*EXERCISE DIRECTIONS*: Repeat, exactly as written, the lines from the one with "Профессиональный набор акварели" to the final line of the listing, and keep every picture out.

*INFORMATION PROVIDED*:

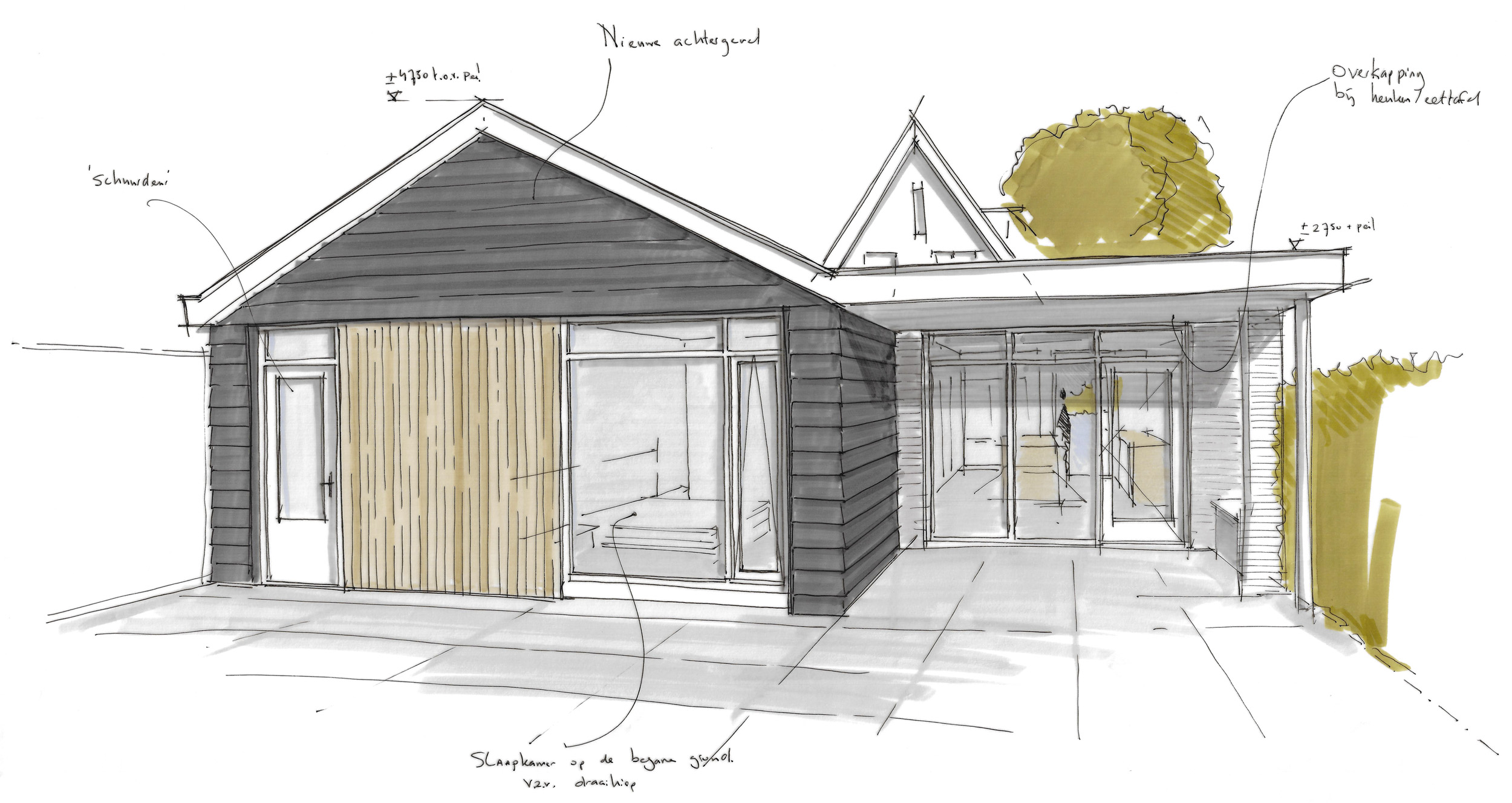 Een karakteristieke jaren ’30 woning ondergaat een complete transformatie. De bestaande berging/garage op de begane grond maakt plaats voor een ruime slaapkamer met badkamer. Hierdoor ontstaat er niet alleen extra wooncomfort, maar ook de mogelijkheid om levensloopbestendig te wonen.
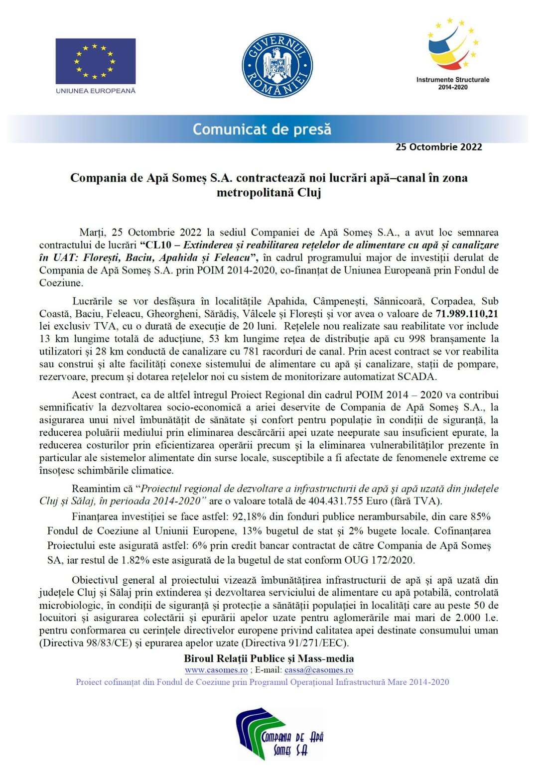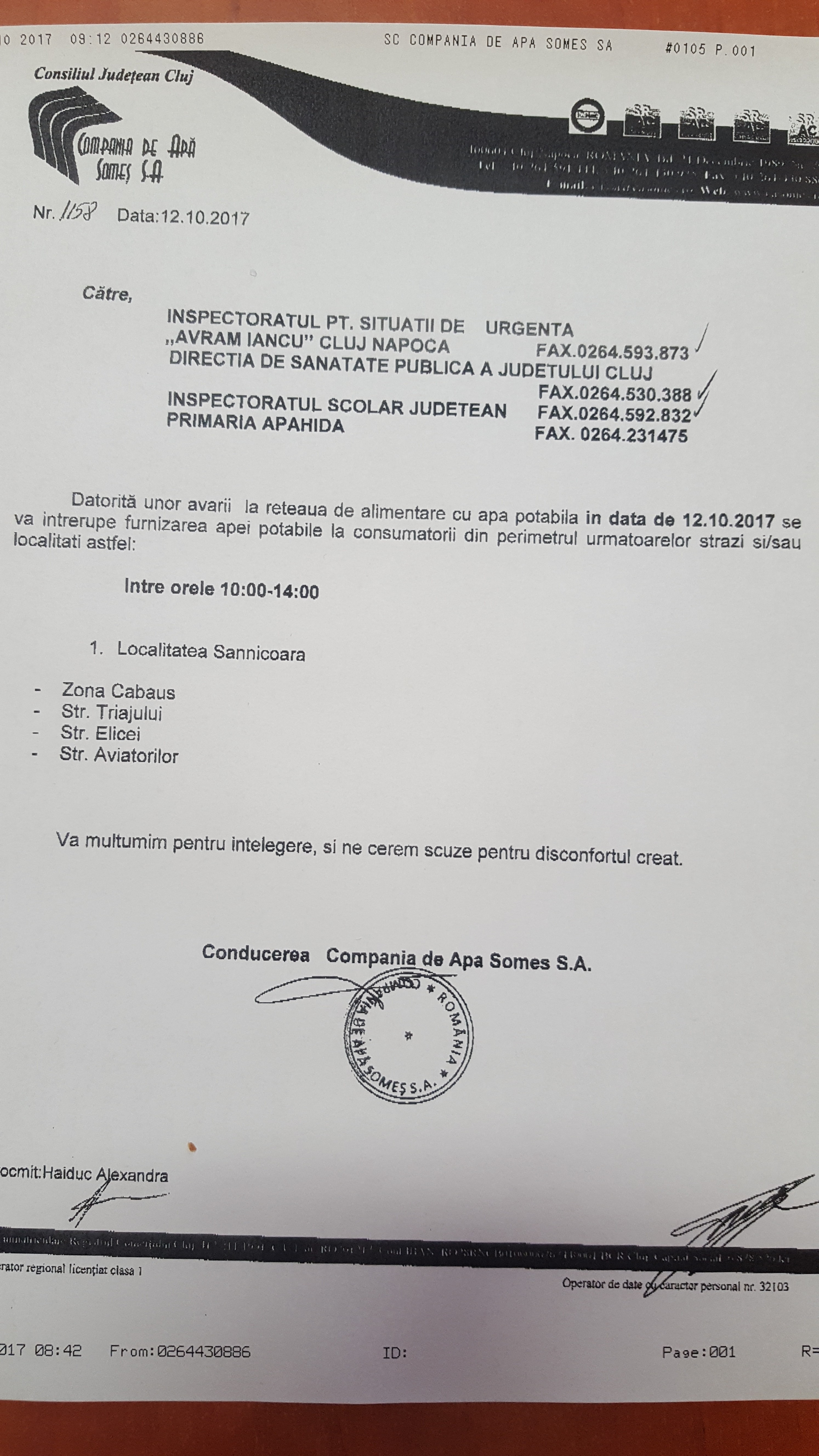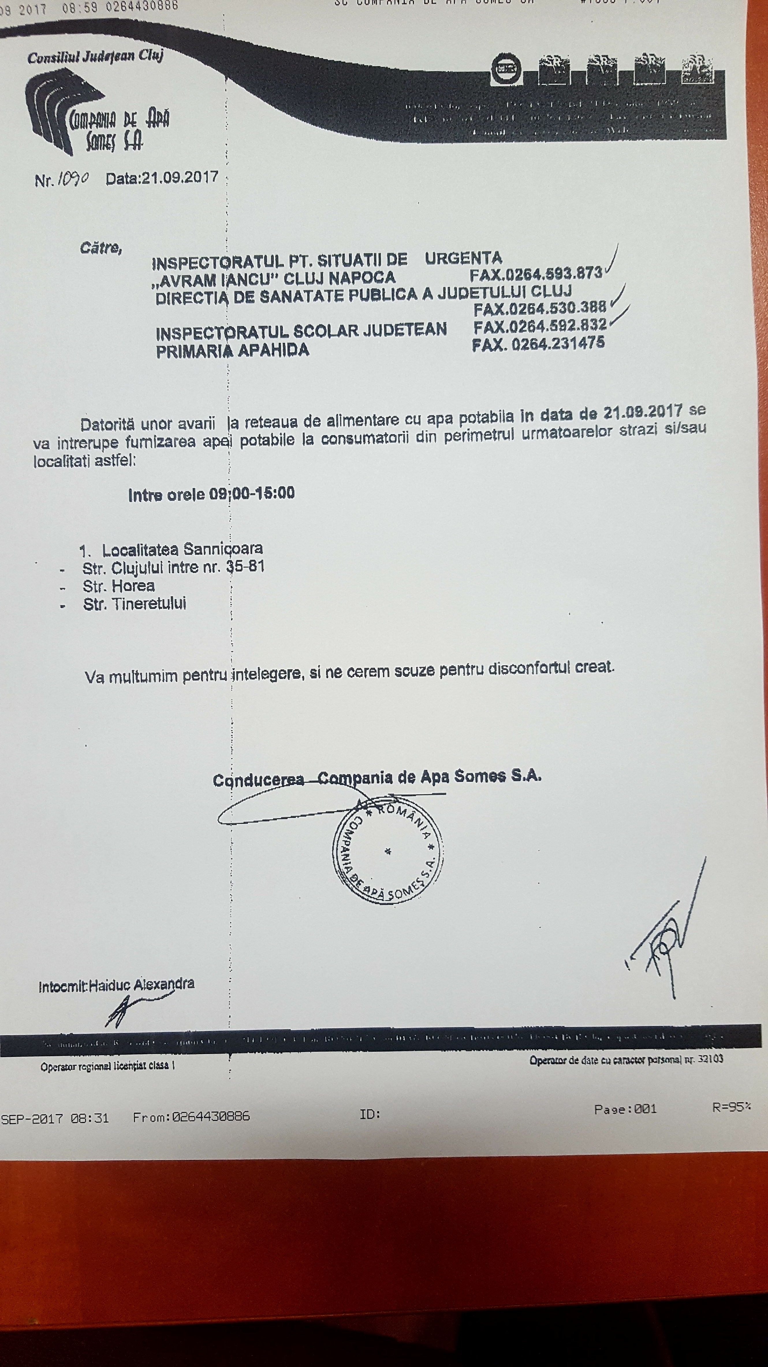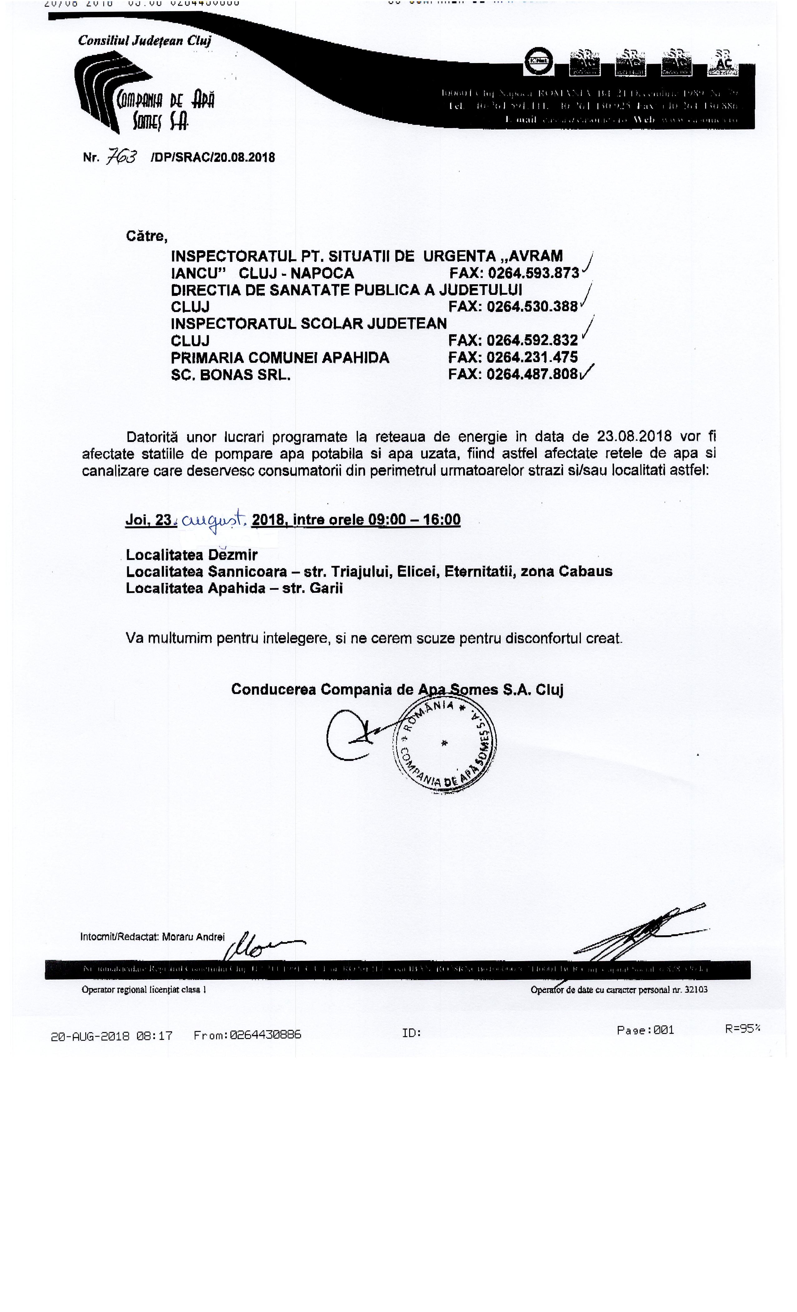 | 21.10.2025 | ANUNT, societati autorizate de catre Compania de Apa Somes S.A. , privind serviciile de vidanjare . - vezi anunț |
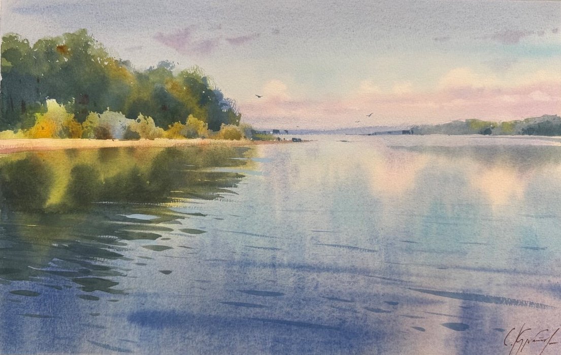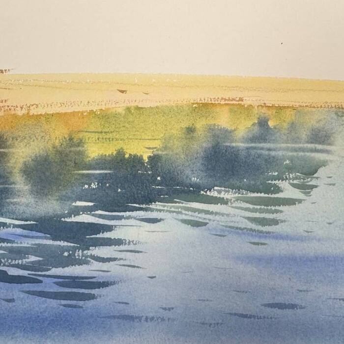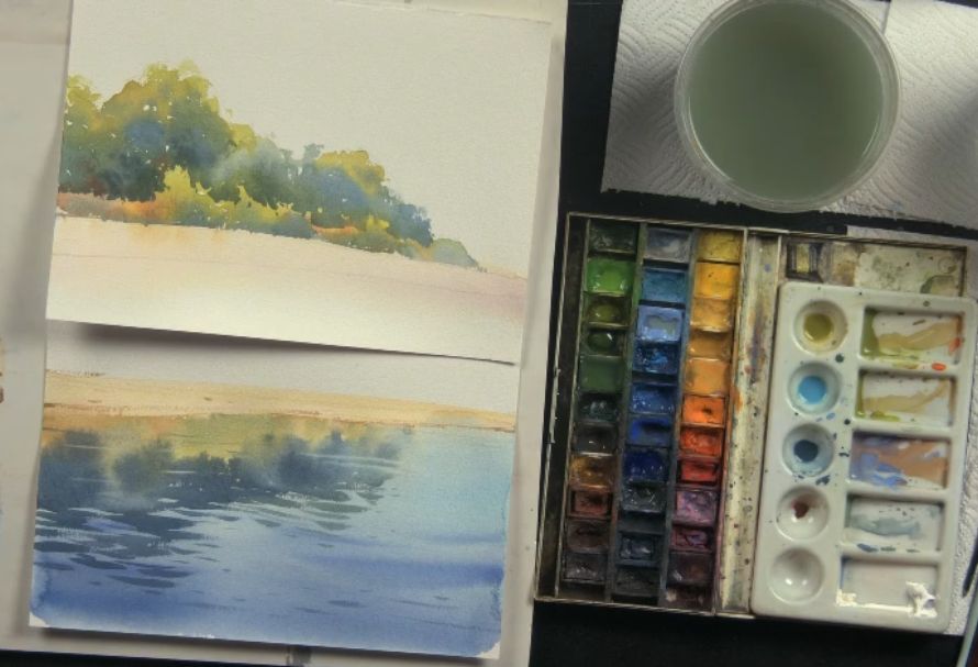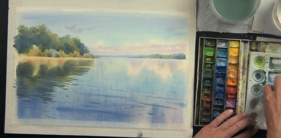 Профессиональный набор акварели от 24 цветов следующих марок: Enterclass, Гамма, Pinax, Белые ночи, Schmincke, Van Gogh, W&N, Lukas или др. Краски могут быть в кюветах или в тюбиках. Понадобятся следующие цвета акварели (приведены цвета из Невской палитры): охра светлая, неаполитанская жёлтая, майская зеленая, травяная зелёная, умбра, таежная и гематитовая дымки, кобальт синий, сиена жженая и натуральная, иргазин желтый, королевская голубая, голубая фц, магнолия. Также может понадобиться гуашь титановая.
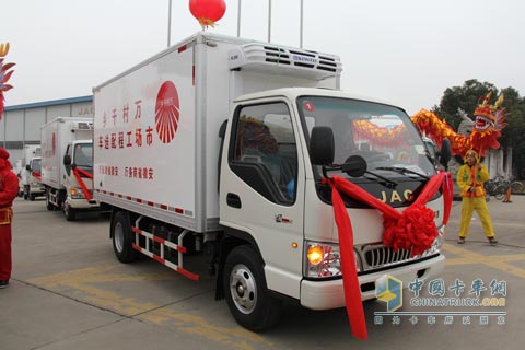 據了解,此次230臺中標車型均為江淮高端輕卡帥鈴Ⅱ廂式和冷鏈運輸車。該產品依托江淮商用車全球五層次研發體系,整車采用一體化設計研發,與改裝企業實現無縫式上裝匹配,有效保證了產品使用可靠性。同時,該車型還配備液壓制動系統,聯合盤式制動、故障診斷儀等配置,使車輛的安全性和舒適性更好的結合在一起。動力方面,其搭載的江淮自產4DA1發動機,采用德國Bosch電控高壓共軌、低噪聲齒輪等多項先進柴油機技術,不僅全面滿足國Ⅲ標準,而且具備低油耗,低排放、低速高扭的特點,百公里油耗僅8L,比同級別車型百公里油耗降低1~2L。

*TASK ANSWER*:
 Профессиональный набор акварели от 24 цветов следующих марок: Enterclass, Гамма, Pinax, Белые ночи, Schmincke, Van Gogh, W&N, Lukas или др. Краски могут быть в кюветах или в тюбиках. Понадобятся следующие цвета акварели (приведены цвета из Невской палитры): охра светлая, неаполитанская жёлтая, майская зеленая, травяная зелёная, умбра, таежная и гематитовая дымки, кобальт синий, сиена жженая и натуральная, иргазин желтый, королевская голубая, голубая фц, магнолия. Также может понадобиться гуашь титановая.
 據了解,此次230臺中標車型均為江淮高端輕卡帥鈴Ⅱ廂式和冷鏈運輸車。該產品依托江淮商用車全球五層次研發體系,整車采用一體化設計研發,與改裝企業實現無縫式上裝匹配,有效保證了產品使用可靠性。同時,該車型還配備液壓制動系統,聯合盤式制動、故障診斷儀等配置,使車輛的安全性和舒適性更好的結合在一起。動力方面,其搭載的江淮自產4DA1發動機,采用德國Bosch電控高壓共軌、低噪聲齒輪等多項先進柴油機技術,不僅全面滿足國Ⅲ標準,而且具備低油耗,低排放、低速高扭的特點,百公里油耗僅8L,比同級別車型百公里油耗降低1~2L。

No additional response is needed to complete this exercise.